Humorkritik | November 2007
November 2007
Bayard? Mills!
Vorderhand fällt Pierre Bayards Buch »Wie man über Bücher spricht, die man nicht gelesen hat« (Kunstmann) nicht ins komische oder Humorfach und also nicht in mein Ressort, denn Bayard ist ein topseriöser Pariser Literaturprofessor und Psychoanalytiker, und was man von solchen Kameraden zu halten hat, weiß man ja spätestens seit dem aus Frankreich in den achtziger Jahren eingeschleppten sog. Poststrukturalismus, der gegenüber Witz und Ironie bis dato vermutlich resistentesten aller zwei Millionen geisteswissenschaftlichen Moden der Menschheitsgeschichte. Aber der allgemeine Wirbel um Bayards offenbar ungeheuer revolutionäres und antiautoritäres und damit potentiell wieder eher komiknahes Traktat ließ mich dann doch hineinschauen und die zweihundertzwanzig Seiten schließlich – nein, kein Scherz – komplett weglesen.
Das Buch hat nämlich seine Meriten. Als hoher Herr Professor pausenlos »Bücher zu kommentieren, die ich in den meisten Fällen gar nicht aufgeschlagen habe«, das empört den einen oder anderen deutschen Bildungsspießer und Oberstudienrat sicher auch heute noch auf erfreuliche Weise. Der weitenteils auf den Säulen der Ehrfurcht und Einschüchterung aufsattelnden Großkultur des Lesens und Interpretierens, diesem oft schlicht verblasen-verlogenen, heuchel-beutelschneiderischen »Zwangssystem aus Pflichten und Verboten« die Luft rauszulassen – item das leuchtet mir ein. Und dort, wo Bayard der »allgemeinen Scheinheiligkeit« des Kanonwesens und der ridikülen Bescheidwisserei durch eine leichter Hand skizzierte Typologie des Nichtlesens und gleichwohl eleganten Urteilens über Nichtgelesenes den Boden entzieht, mußte ich ab und an sogar lachen.

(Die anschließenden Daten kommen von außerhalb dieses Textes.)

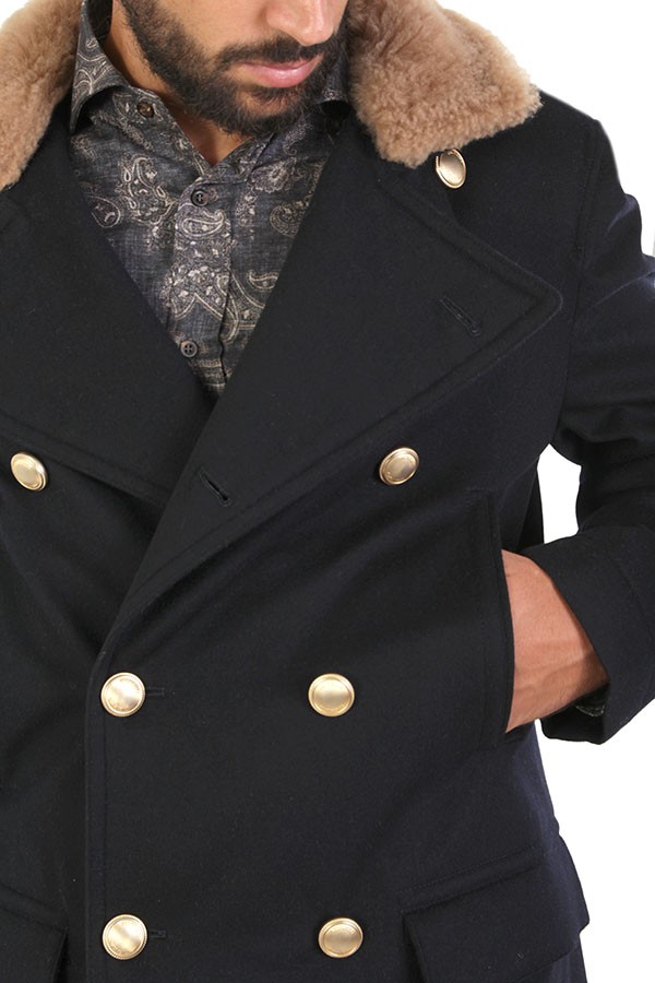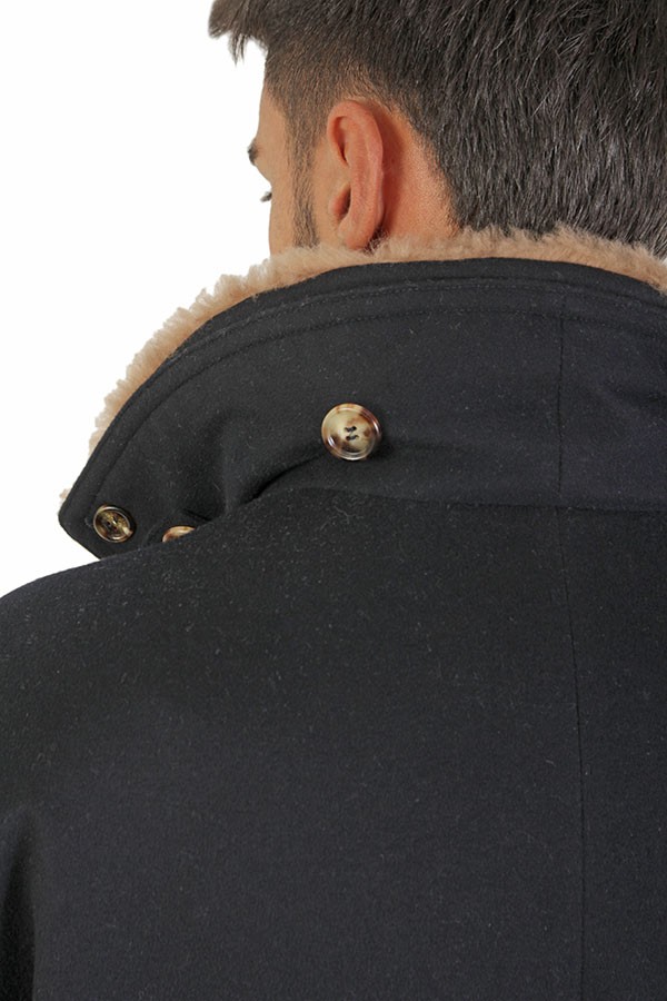 Abbottonatura un petto e mezzo. Bottoni in metallo. Collo con inserto in shearling, removibile.

Insbesondere Bayards Würdigung des rotzfrechen »Meisters im Nichtlesen« Paul Valéry will ich recht rühmen. Valéry hatte 1927 in der Académie Française die Nachfolge des verstorbenen Anatole France angetreten und ihn, ohne je ein einziges literarisches Wort von France zur Kenntnis genommen zu haben, in einer Rede, die Bayard ausführlich zitiert, derart hinterfotzig belobigt, daß ich mir angesichts all der espritsatten Schamlosigkeiten und subtilen Invektiven vor Freude fast einen in meiner Bibliothek vergammelnden France-Roman zur Brust genommen hätte. »Einer solchen Dichte an unterschwelligen Beleidigungen begegnet man nicht jeden Tag«, kann auch Bayard sein Vergnügen nicht verhehlen, und ein paar Seiten später resümiert er den Casus mit der nicht minder plausiblen, nonsensartigen Begründung, Valérys Lektüreverfahren sei völlig stimmig, weil es auf einem »fundierten Begriff von Literatur« beruhe, »dessen einer Hauptgedanke sagt, daß nicht nur der Autor, sondern auch das Werk überflüssig ist«.

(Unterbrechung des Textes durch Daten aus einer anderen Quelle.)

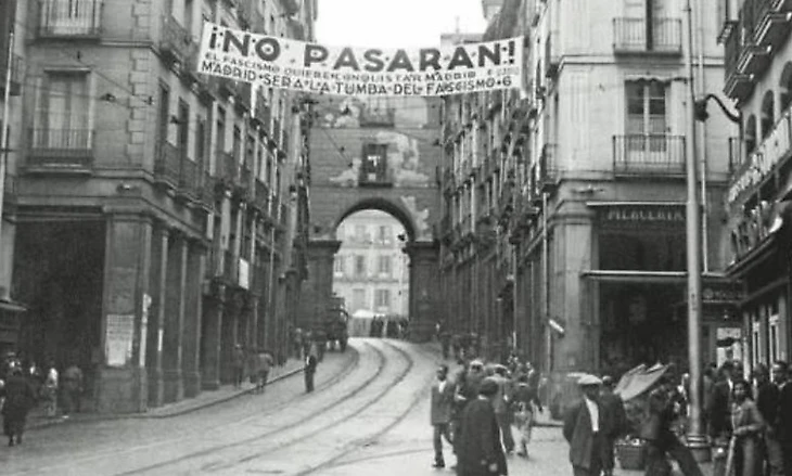 Подумайте о тех символах антифашистской борьбы, которые родились в Мадриде: ¡No pasarán!; знаменитый боевой клич коммунистической организации La Pasionaria: «Лучше умереть стоя, чем жить на коленях»; даже концепция пятой колонны. На вопрос, какая из четырех колонн, наступавших на Мадрид, собиралась захватить столицу в первые месяцы войны, Мола ответил: «Ни одна из них; это сделает пятая колонна, которая находится внутри города». Он был неправ, но как только война была проиграна, Санчес Герра вспомнил, как, выглянув в окно, увидел, как мимо прошла группа молодых людей в синих рубашках фашистской фаланги, распевающих свой гимн Cara al Sol [с исп. — Лицом к солнцу]. «Я был уверен, — отметил он, — что видел, как те же самые люди пели Интернационал всего несколько недель назад».
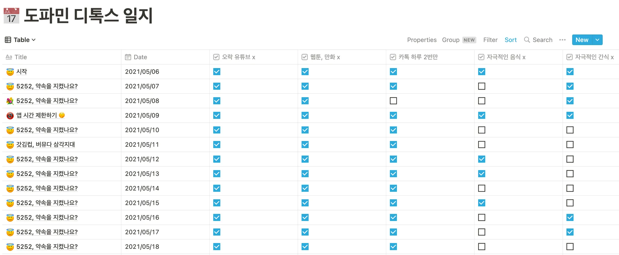 중독을 없애기 위해 작성한 도파민 디톡스 일지. 다른 건 다 참아도 맛있는 음식은 못 참았다.

Allein – der Clou von Bayards barrikadenstürmerischem Buch, das wird halt leider allzu rasch klar, ist kein begrüßenswert ruchloses Plädoyer für Paul Feyerabendschen Relativismus, für eine fröhlich randalierende (Literatur-)Wissenschaft, sondern die altlahme Aufforderung, sich nicht vom »repressiven Bild einer lückenlosen Bildung« beeindrucken zu lassen und statt dessen »in sich selbst die Kraft« zu finden, »seine eigenen Text zu schaffen und zum Schriftsteller zu werden«.

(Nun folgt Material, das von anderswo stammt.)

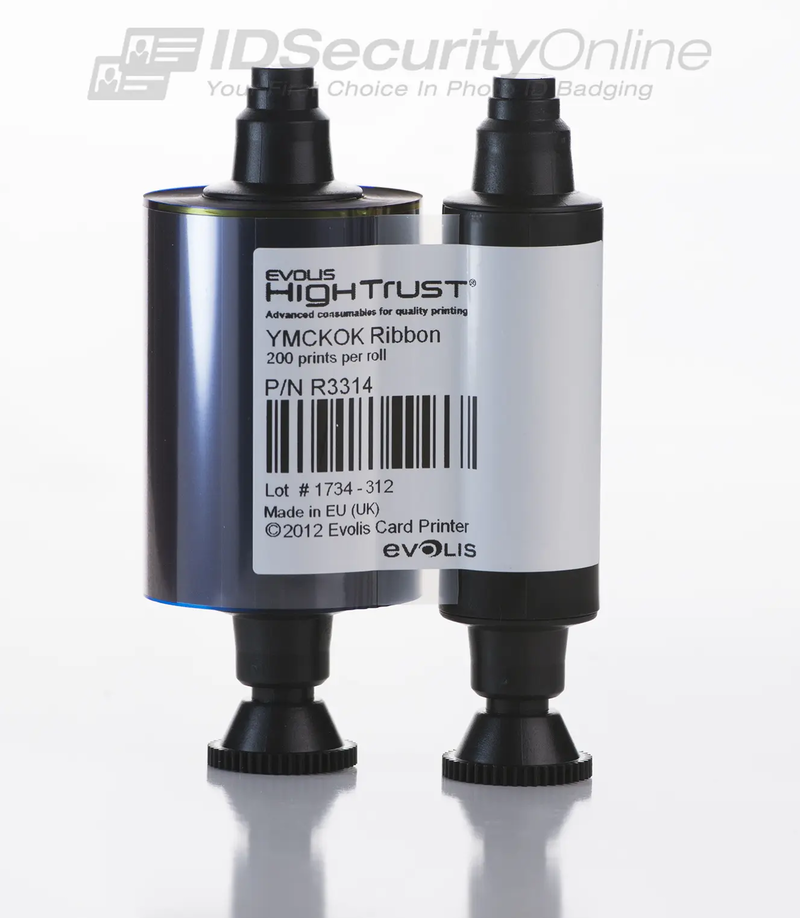 The Evolis R3314 YMCKOK full color ribbon yields 200 full color prints.

Dann kann man ja Tagebuch schreiben.
Lesen wollte jedenfalls ich die von Bayard inaugurierte Selbstbezüglichkeitsskribenteneierei keinesfalls. Im Gegenteil: Wenn ich denn lese, möcht’ ich – was der Psychoanalytiker Bayard nie verstehen wird – durchaus lieber nicht »mit mir ins Gespräch treten«, sondern, au contraire, Urlaub vom ramenternden Ich machen.
Für welche angenehm entlastende »Erfahrung« (Bayard) die komische Literatur der nach wie vor beste Garant ist. Weshalb ich den nicht mehr ganz aktuellen, vierten Roman von Magnus Mills, »Ganze Arbeit« (Suhrkamp), empfehle. Der ist abermals nahezu genial, den muß man lesen. Allez!